Tuesday, April 27, 2010

More talk of journalism

I just want to write. Ideally, I want to write in a way that yields money so that I can continue to write instead of doing things like mixing hiballs or pulling shots of espresso. School has ended and instead of putting my nose to a grindstone (AKA MacBook screen) searching for jobs, I’ve sort of just been reveling in this newfound existence of mine.

Zoey's first freelance checque
This is the envelope that my first freelance checque came in. I will remember it always, for its crumples and tears.

I’ve now conquered four years of post-secondary. Much of that schooling took place while I had two jobs. Now, I’m unemployed and out of school for the first time since getting my first real-ish job at the Saddledome when I was 15.

Wednesday, April 7, 2010

A discovery: In which I tweet in square brackets instead of on Twitter

I’ve been inhabiting an otherwise empty house for the past week and I think it’s had an effect on my tweeting habits. I stated officially (in an officious class presentation about Twitter) [I just learned the word officious.] that you shouldn’t be afraid to Tweet, because people following you are doing so because they enjoy what you have to say. [I abhor telemarketers who don’t leave messages. I would call back if they left messages.] Even so, I feel uncomfortable clogging up my channel with the fairly mundane narration of my life.

But having nobody to speak to while I am sitting at home lamenting my workload, or, conversely, while I am sitting at home feeling particularly inspired, has resulted in more tweeting. [Almost time to break out yesterday’s enchilada’s, methinks.] I’m a bit addicted to Twitter, I guess. It’s been dubbed micro-blogging, and I think that’s accurate. There’s still a chance to [why are there no synonyms for the verb version of craft?] articulate yourself intelligently, but you’re not as pressured to produce something substantial.
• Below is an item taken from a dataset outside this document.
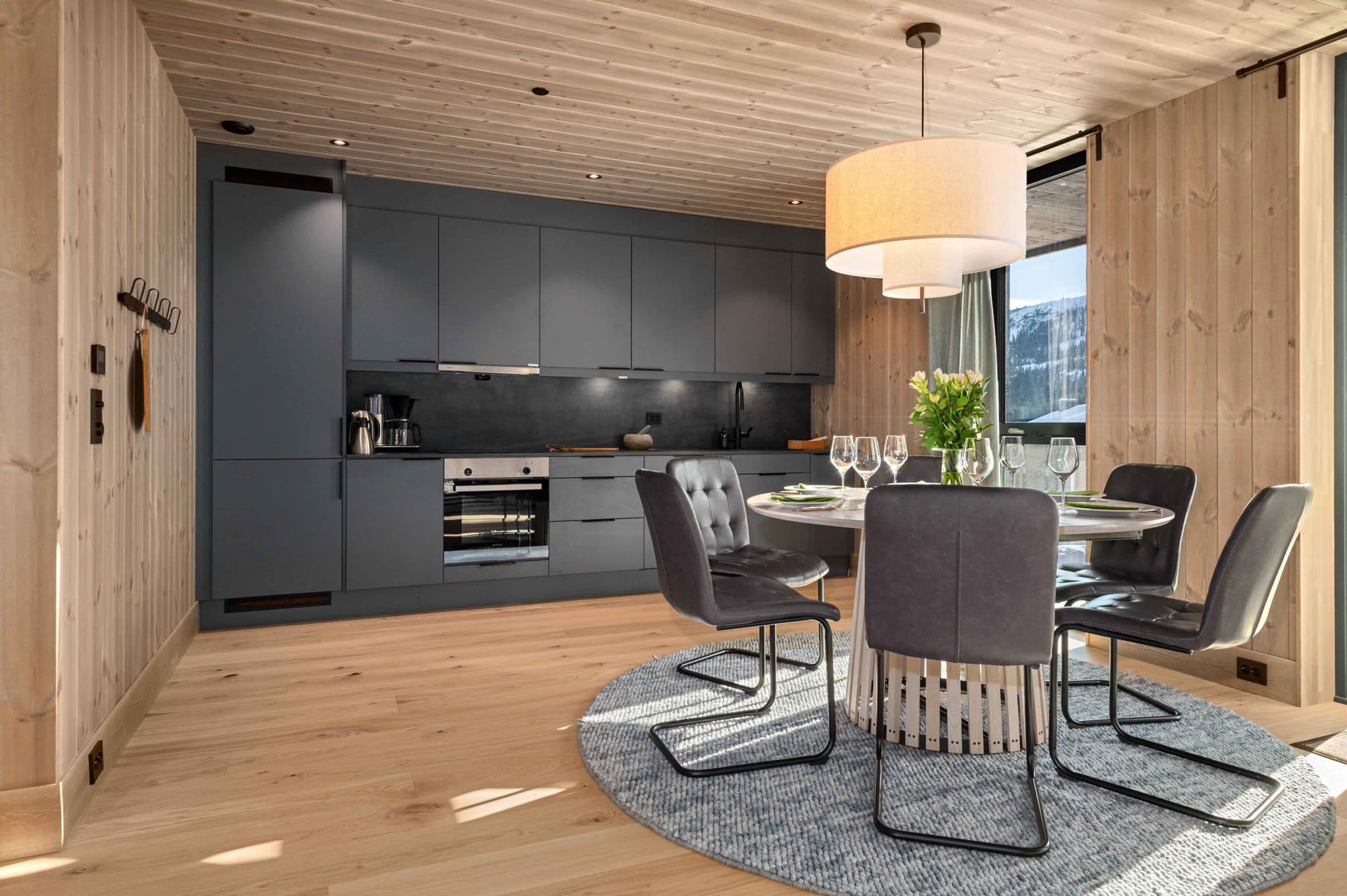 • Kjøkken-/stueløsning med store vindusflater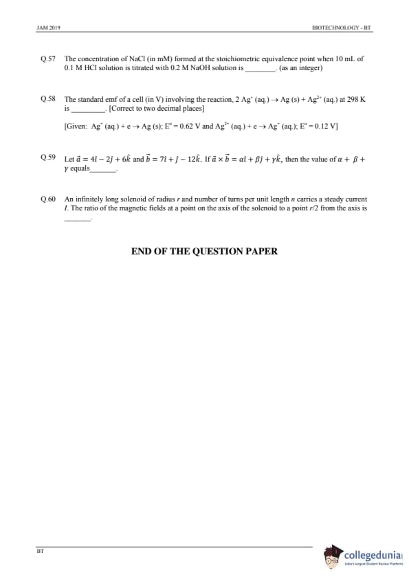 | IIT JAM 2019 Biotechnology (BT) Question paper with answer key PDF | Download PDF | Check Solutions |

Maybe that’s the problem with me and Vegediblogging lately. I feel so much pressure to produce something that fits the criteria of my three blogging communities or even just something that I've made out of the blue, that I just put it off, put it off, put if off. In fact, I even made onion jelly for last month’s can jam, but still haven’t posted it.

This didn’t start out as a post to relinquish me from my posting duties. But I think this quasi-stream of consciousness has led me to the point where I needed to come. I’m a word addict and I do love blogging, but I have to find a way to make it work for me.

Let’s try this: I’ll start blogging things other than recipes (but recipes too!) that reflect me a little bit more. Things like my burgeoning pipe dream [gosh, pipe dream sounds a lot like pipe bomb. Wondering about the etymology of the phrase] to sell mustard at the farmer’s market across the street, or links to other food and journalism blogs that entice my taste cells and brain buds.

Yes, let’s try that.

(PS: I was totally going to post photos but Photoshop keeps freezing when I do simple things like press file + open. Sad.)